Jun 22, 2005  •  Post A Comment

Jeffrey Zucker, president of NBC Universal Television Group, said Wednesday no cutbacks are planned in programming or other scheduled expenses in the wake of its smaller-than-expected sales in the upfront advertising market.

“There is no panic or any sense of the bottom falling out,” Mr. Zucker said in an interview before addressing the Promax&BDA conference in New York.

He also said there would be no major personnel changes in NBC’s programming hierarchy.

NBC took in $1.9 to $2 billion during the upfront, down from $2.8 billion to $2.9 billion a year ago, and had to roll back its cost-per-thousand rates by 2 percent to 3 percent.

“We expected to be down,” Mr. Zucker said, although the market pushed NBC down more than the network expected. Now NBC Entertainment is beginning “a rebuilding process,” he said: “Everyone is aware of that.”

Mr. Zucker said NBC will be able to continue to invest in the programming it needs to make a turnaround and that parent General Electric is being “unbelievably supportive.”

Later, during a Promax session in which he was interviewed by NBC Agency Senior VP Frank Radice, Mr. Zucker said it had been a tough year for NBC. “We expected to suffer as a result of that and knew we were in for quite a setback,” he said. “Obviously it was a little more than we expected, and that’s OK because that’s something we as a whole company, NBC Universal, can deal with.”

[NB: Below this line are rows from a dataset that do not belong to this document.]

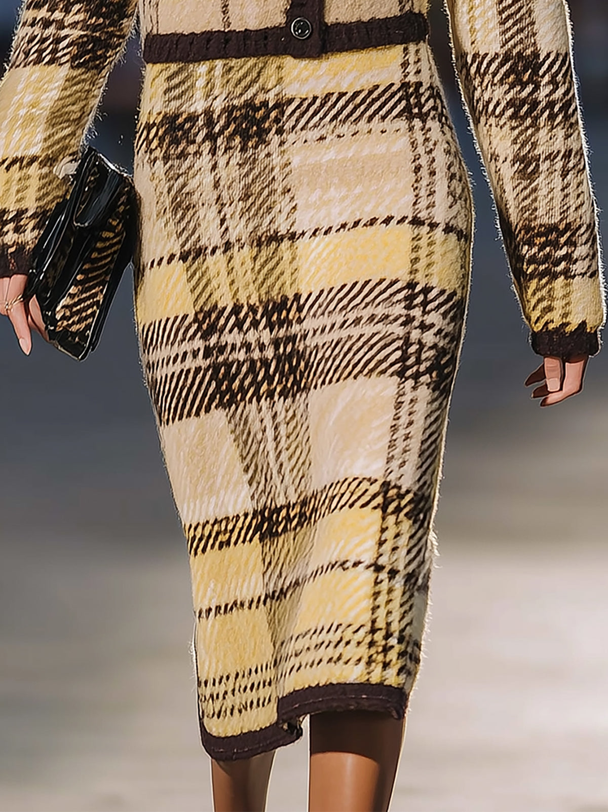 • Material: Soft plush- knit blend fabric in light yellow with contrasting brown checks, offering warmth, comfort, and refined texture
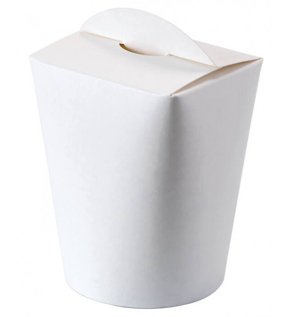 Noodle box en carton blanc de 50 cl, pour présenter des nouilles chinoises classiques ou d'autres recettes exotiques cuisinées au wok (nouilles de riz au poulet pad thaï, satay indonésien, crevettes à la cantonaise...).
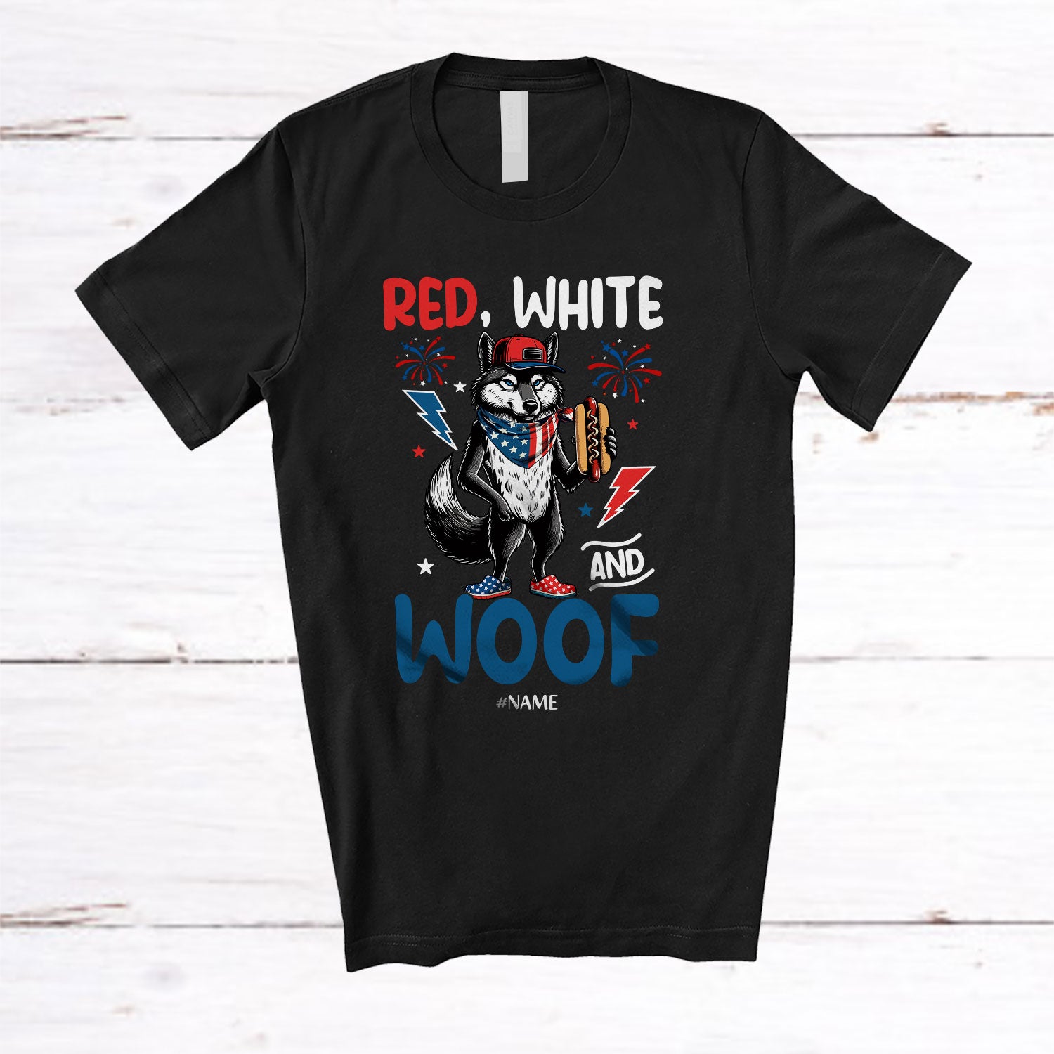 Personalized Red White And Woof; Lovely 4th Of July Custom Name Wolf Hot Dog; Patriotic T-Shirt
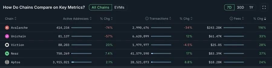 طبق گزارشی از Nansen، AVAX در موقعیتی پارادوکسیکال قرار گرفته که ناشی از اقدامات متفاوت نهنگها و معاملهگران خرد است. این تحلیل کاهش ۷۴٪ در «آدرسهای فعال»—که به ۴۱۴٬۲۳۴ رسیده—و ۳۴٪ کاهش در معاملات به ۲٬۹۹۰٬۶۶۷ را تأیید میکند و علاقه خردهمعاملهگران را نشان میدهد.
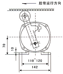 ●本裝置開(kāi)關(guān)轉(zhuǎn)換角度為20°,對(duì)有傾角的膠帶機(jī)可適當(dāng)調(diào)整安裝角度。
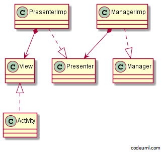 我们把每一层都抽象成一个接口,例如V层,我们定义一个接口为View(不要和Android API里的View弄混了),让后Activity为这个View的具体实现。每一层对另一层的依赖都是接口依赖,并不关心另一层的具体实现,每一层我们都可以写不同的实现,随时切换,这就意味着,有一天如果有一层不好用了,我们可以轻松的重写另一个实现来替换掉,而不是如履薄冰的修改。
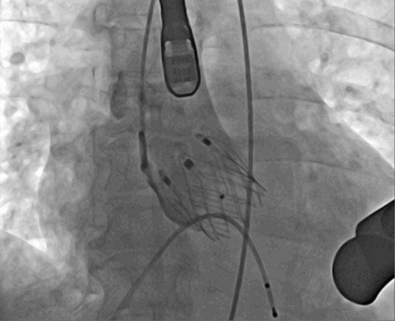 手术采用经心尖入路,对患者进行全麻后,在左侧心尖处做3-4cm微创手术切口,在DSA及超声引导下手术顺利完成。从导入器械到完成瓣膜置入,仅耗时约10分钟。术后即刻主动脉瓣反流程度由术前大量反流转为消失,患者于导管室拔除气管插管,次日由ICU转入普通病房。
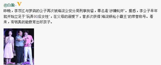 李公子出身于1996年4月,他自己也是90后,所以爆料稱“李天一早年就開始玩弄90后女性”說法也是合理的,獲得“海淀銀槍小霸王”的榮譽(yù)稱號(hào)實(shí)至名歸。
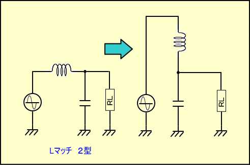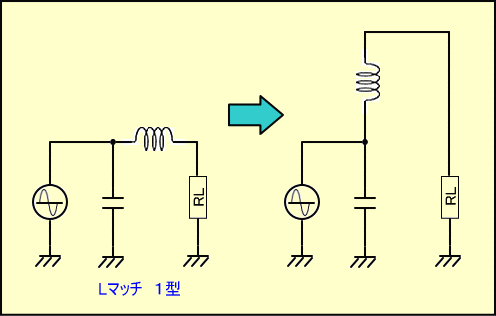 以上の事を念頭に置いて、まずLマッチ1型回路を少し変形すると、下の図のようになります。
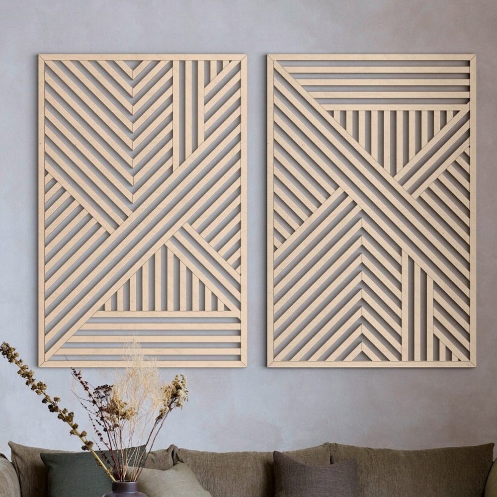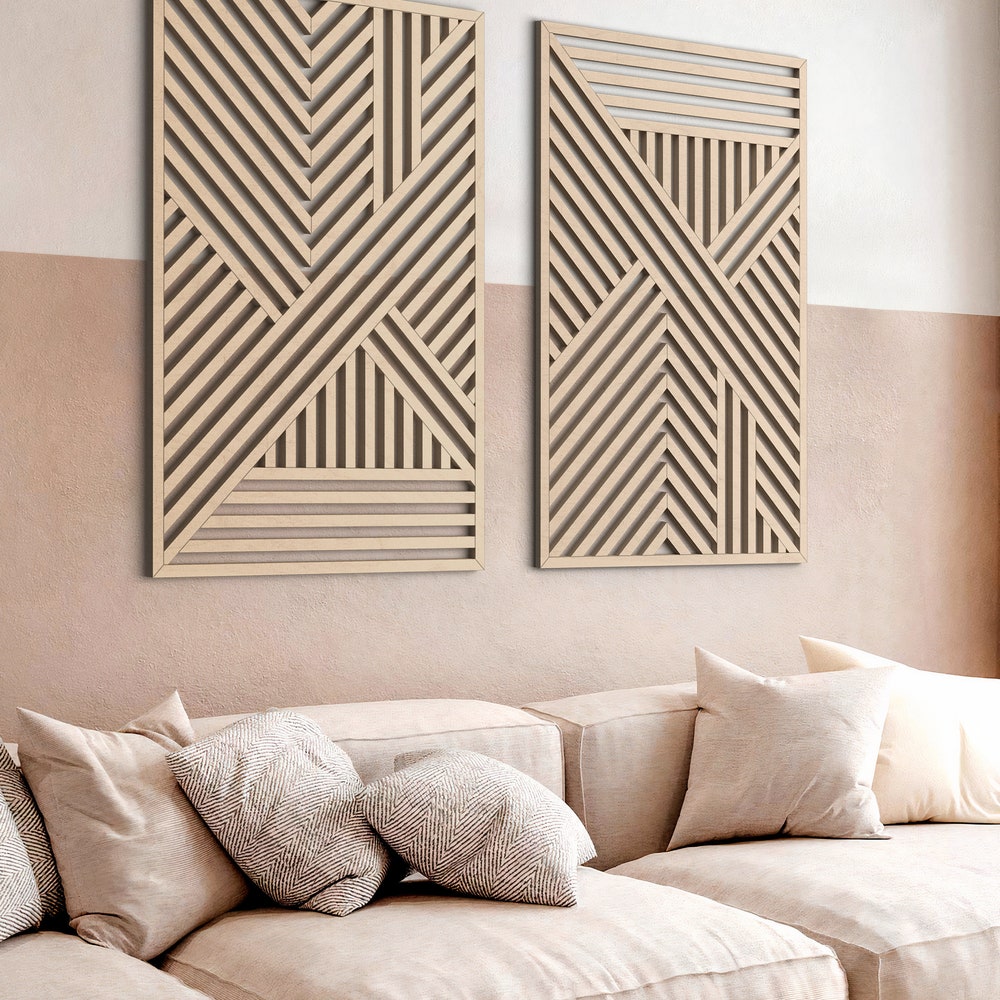 Wood Wall Art | Geometric Decor | Set of 2 wall art | Modern Wooden wall art | Abstract Wall Art | Home decor | Extra Large Wall Art

He said the ability to ride out a tough year at NBC was “the whole point” of the NBC-Universal Entertainment merger. “The fact is the other assets of the company are in fantastic shape,” he said. “Those things do buoy you in a tough time, and we can withstand the current problems at NBC Primetime. It doesn’t make them any easier, it doesn’t make us any less competitive and want to fix it any faster. But the idea behind the merger and this newly combined company makes that more palatable.”